Description of problem: After bootstrapped a windows node by wmcb.exe, windows kubelet continuously report error "failed to list vm sizes in GetVolumeLimits". PS C:\k> Get-Content .\kubelet.log -tail 1 -wait ... E1105 11:02:49.233810 3360 azure_dd.go:172] failed to list vm sizes in GetVolumeLimits, plugin.host: winnode, location: eastus E1105 11:02:49.233810 3360 azure_dd.go:172] failed to list vm sizes in GetVolumeLimits, plugin.host: winnode, location: eastus E1105 11:02:49.233810 3360 azure_dd.go:172] failed to list vm sizes in GetVolumeLimits, plugin.host: winnode, location: eastus Version-Release number of selected component (if applicable): OCP version: 4.2 GA # ./openshift-install version ./openshift-install v4.2.0 built from commit 90ccb37ac1f85ae811c50a29f9bb7e779c5045fb release image quay.io/openshift-release-dev/ocp-release@sha256:c5337afd85b94c93ec513f21c8545e3f9e36a227f55d41bc1dfb8fcc3f2be129 windows-machine-config-operator version: # git tag 0.1 windows instance: MicrosoftWindowsServer:WindowsServer:2019-Datacenter-with-Containers:latest How reproducible: Always Steps to Reproduce: 1. Install OCP 4.2 GA in Azure 2. Launch and configure windows instance 3. Bootstrap windows node via wmcb > .\wmcb.exe initialize-kubelet --ignition-file worker.ign --kubelet-path kubelet.exe {"level":"info","ts":1572947207.8846965,"logger":"wmcb","msg":"Bootstrapping completed successfully"} 4. Check log file in C:\k\kubelet.log Actual results: Windows kubelet continuously report error "failed to list vm sizes in GetVolumeLimits". PS C:\k> Get-Content .\kubelet.log -tail 1 -wait ... E1105 11:02:49.233810 3360 azure_dd.go:172] failed to list vm sizes in GetVolumeLimits, plugin.host: winnode, location: eastus E1105 11:02:49.233810 3360 azure_dd.go:172] failed to list vm sizes in GetVolumeLimits, plugin.host: winnode, location: eastus E1105 11:02:49.233810 3360 azure_dd.go:172] failed to list vm sizes in GetVolumeLimits, plugin.host: winnode, location: eastus Expected results: No such error reported Additional info:
I believe the error is related to https://kubernetes.io/docs/concepts/storage/storage-limits/#dynamic-volume-limits. In short, it means we're querying azure api to find the dynamic volume limits for the given Windows VM but since we didn't provide the cloud config which has service principal with access to query the azure api, kubelet is reporting this error. What's the output of `oc get nodes`? Do you see that the Windows node is not ready?
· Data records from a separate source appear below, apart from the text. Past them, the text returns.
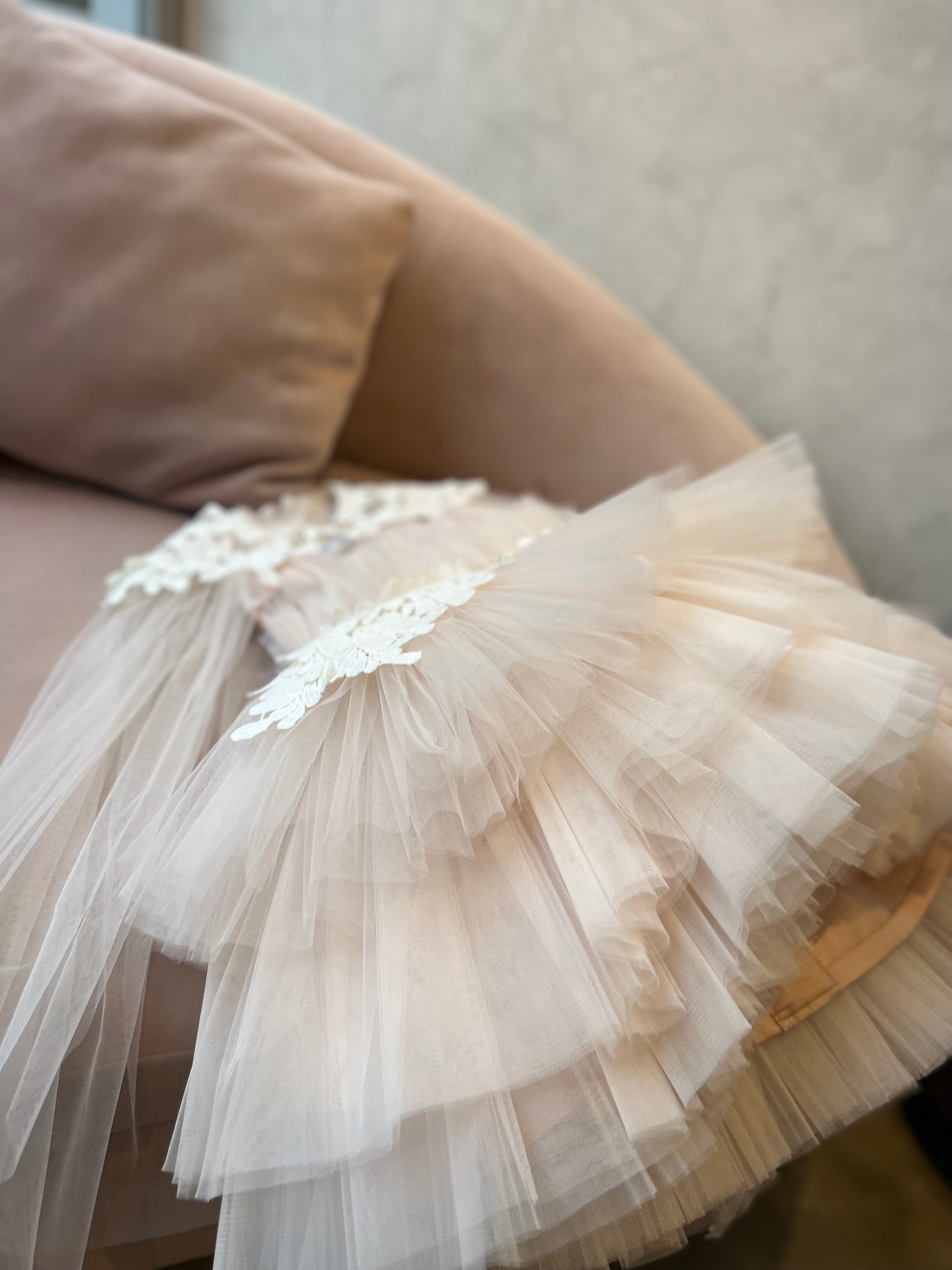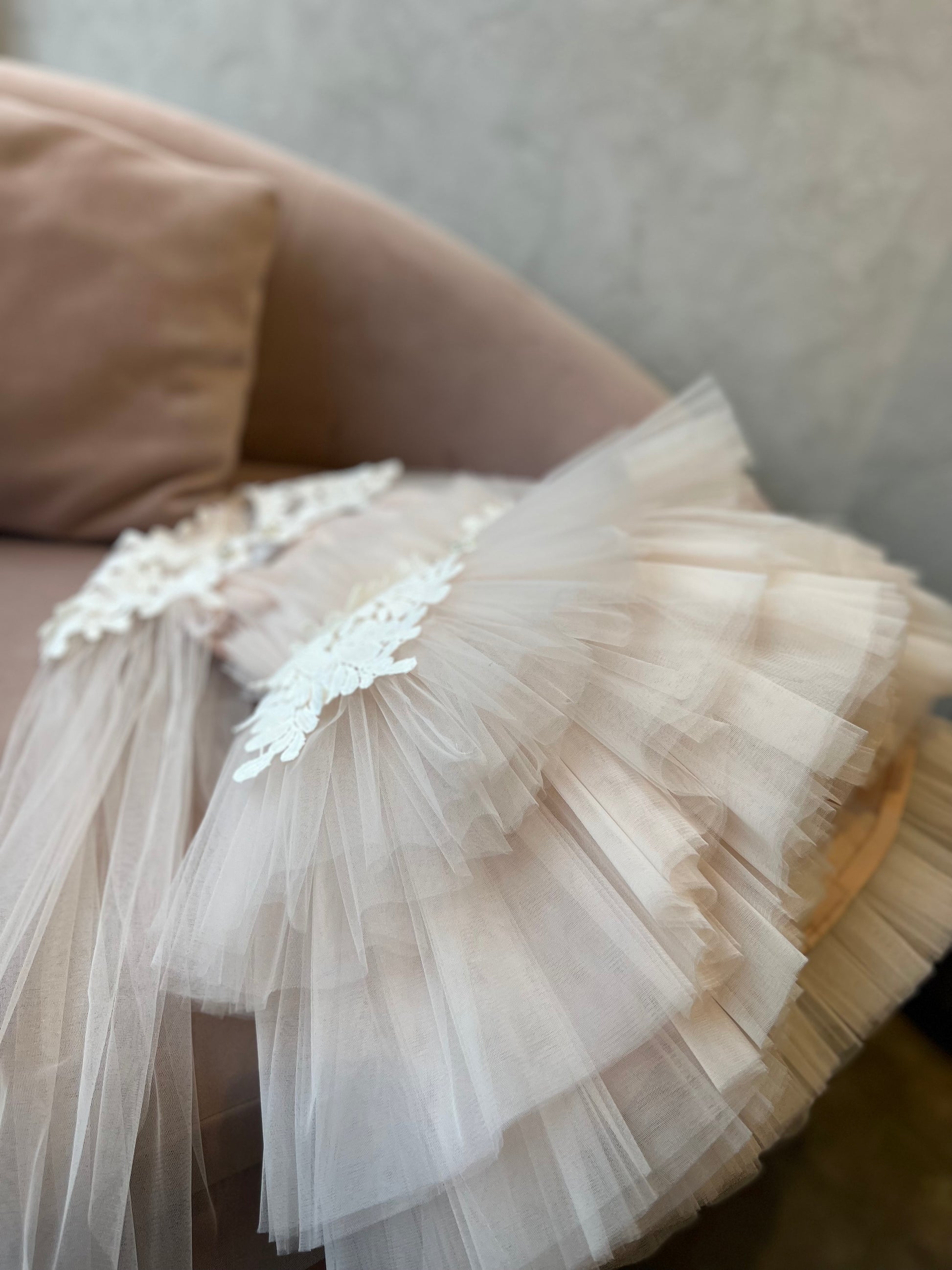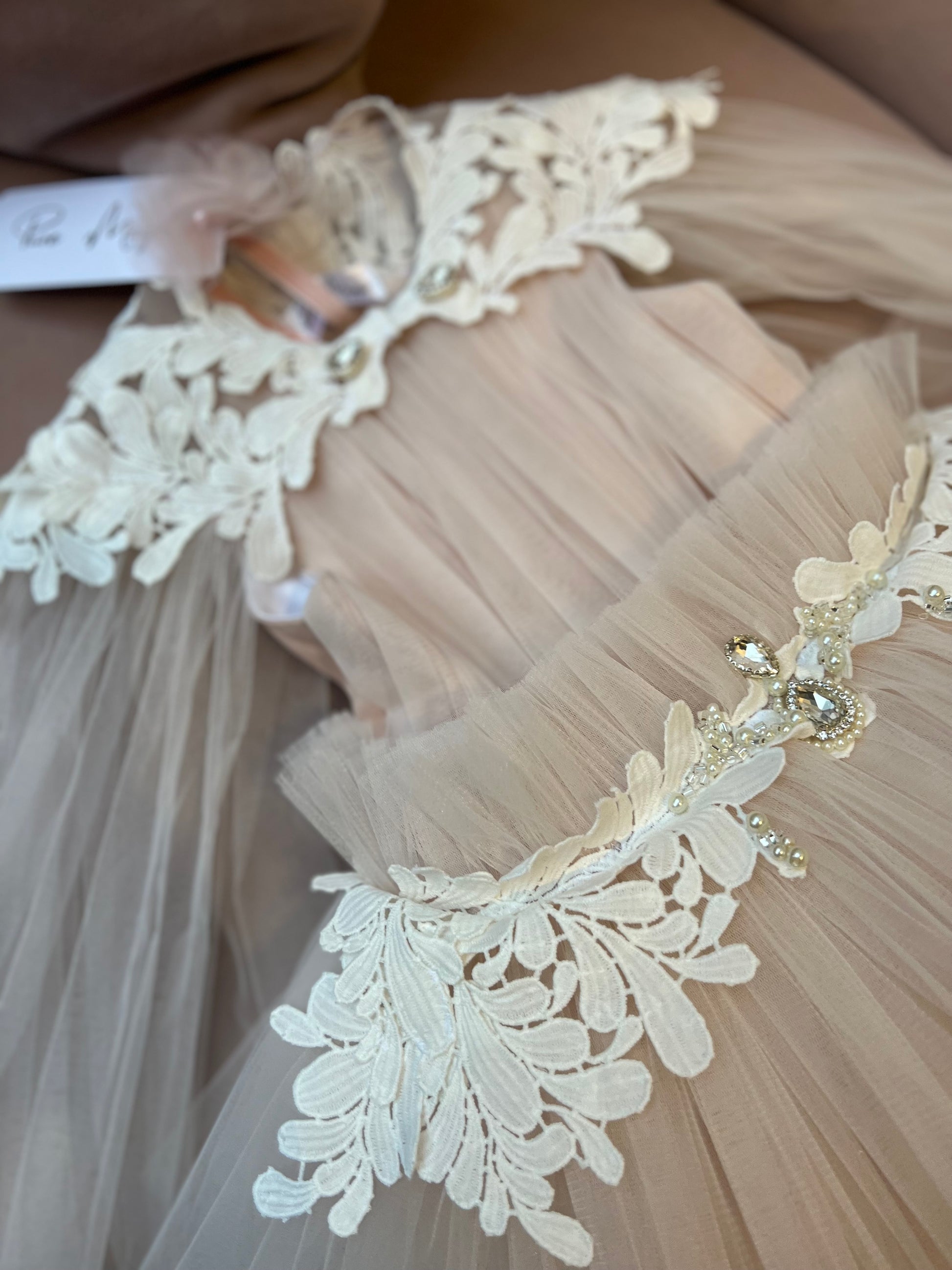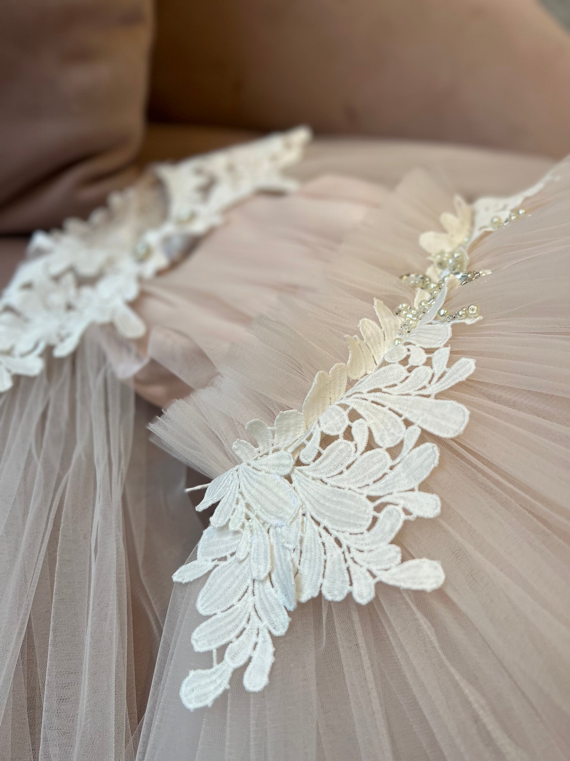 Ky fustan balerine krijon një siluetë me shtresa prej tyli delikate.Përfundon me një rrip tyli, të zbukuruar me dantellë franceze dhe kristale rrezatuese, i cili qëndron bukur në bel.Pelerina është prej tyli delikate, e zbukuruar me dantellë franceze dhe kristale vintage, duke i shtuar një prekje të sofistikuar dhe ëndërrimtare.
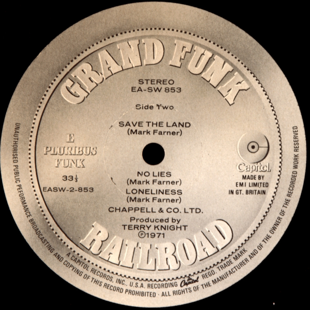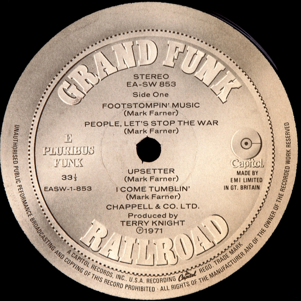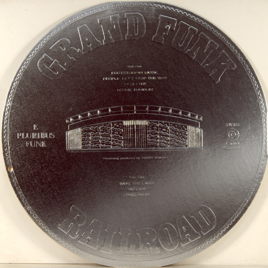 GRAND FUNK RAILROAD-E PLURIBUS FUNK-1972-ПЕРВЫЙ ПРЕСС UK-CAPITOL-EASW-2853. Редкий британский оригинал культового альбома . E Pluribus Funk - пятый студийный альбом американской рок-группы Grand Funk Railroad. Альбом был выпущен 15 ноября 1971 года лейблом Capitol Records. Как и предыдущие альбомы Grand Funk Railroad, он был записан в Cleveland Recording Company и является последним альбомом, спродюсированным Терри Найтом. Название представляет собой игру на девизе Соединенных Штатов Америки, E pluribus unum, и на латыни означает "Из многих, Фанк". Оригинальная выпускная крышка (дизайн Эрни Чефалу) была совершенно круглой и покрыта серебристой пленкой, напоминавшей большую монету. Задняя сторона обложки этого альбома включала в себя литое изображение стадиона Ши. Альбом был очень успешным разместившись в чартах второй десятке многих стран.
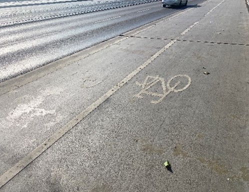Zur weiteren Verwirrung tragen zudem die ausgeblichenen Piktogramme auf dem Boden bei. Diese stellen zwar gemäß StVO keine Verkehrszeichen dar, jedoch richten sich die meisten Verkehrsteilnehmenden nach diesen Zeichen. Es kommt erschwerend hinzu, dass die Piktogramme auf der gesamten Länge der Brücke farblich auf dem hellen Beton schwer erkennbar sind.
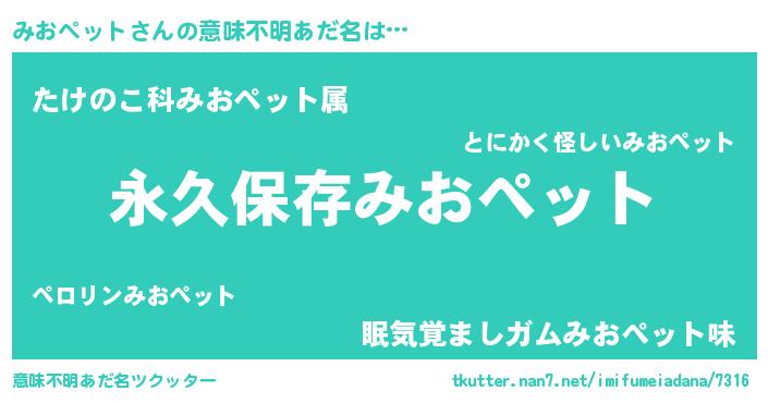 | 胡散臭い通販商品みたいなあだ名 | 『来世でも幸せになれる健康食品…その名も「みおペット」』 |

(In reply to ravig from comment #1) > I believe the error is related to > https://kubernetes.io/docs/concepts/storage/storage-limits/#dynamic-volume- > limits. In short, it means we're querying azure api to find the dynamic > volume limits for the given Windows VM but since we didn't provide the cloud > config which has service principal with access to query the azure api, > kubelet is reporting this error. We do provide the cloud.conf for azure. Without the config, the kubelet will fail to come up on Azure worker nodes. Please see https://github.com/openshift/windows-machine-config-operator/pull/58 > What's the output of > `oc get nodes`? > > Do you see that the Windows node is not ready? This does not affect the Windows node from becoming ready.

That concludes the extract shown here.